Mbilizi hands over 15 tractors in push to modernise Malawi’s agriculture
Malawi’s agricultureMalawi has taken another step toward its long‑promised shift from subsistence farming to a modern, commercial agricultural economy, with Agriculture Minister Roza Fatch Mbilizi handing over 15 tractors and full sets of implements to farmer cooperatives across the country.

The equipment — including harrows, ridgers, ploughs and trailers — was procured with World Bank funding through the Malawi Food Systems Resilience Programme (MFSRP), a flagship initiative tied directly to Malawi Vision 2063.
The national blueprint’s first pillar calls for higher productivity and commercialisation, a transition successive governments have pledged but struggled to deliver at scale.
Mbilizi said the investment forms part of the “building blocks” required to create the kind of agricultural sector capable of generating jobs, earning foreign exchange and lifting rural households out of poverty.
Mechanisation, she argued, is essential if Malawi is to expand cultivated land, cut production costs and make farmer organisations competitive in regional markets.She urged the cooperatives receiving the tractors to prioritise responsible use and routine maintenance, warning that the long‑term value of the investment depends on how the equipment is managed.

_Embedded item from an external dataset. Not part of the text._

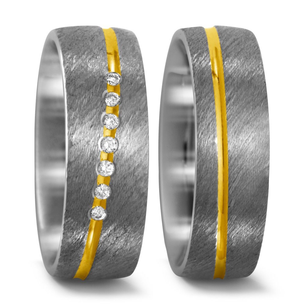 Liebe Braut, lieber Bräutigam, diese Trauringe aus Titan und Gelbgold 750 mit Brillant wirken spektakulär am Ringfinger und begleiten Sie mit aller Stärke ganz beständig auf Ihrem gemeinsamen Liebesweg!

The minister also thanked the World Bank, development partners and the MFSRP implementation team, but reserved particular praise for the farmer organisations themselves, saying their resilience and commitment were the reason the programme exists.
The handover comes at a time when Malawi faces mounting pressure to boost domestic food production, reduce import dependence and build resilience against climate‑driven shocks — ambitions that hinge on whether mechanisation efforts like this one can be sustained and scaled.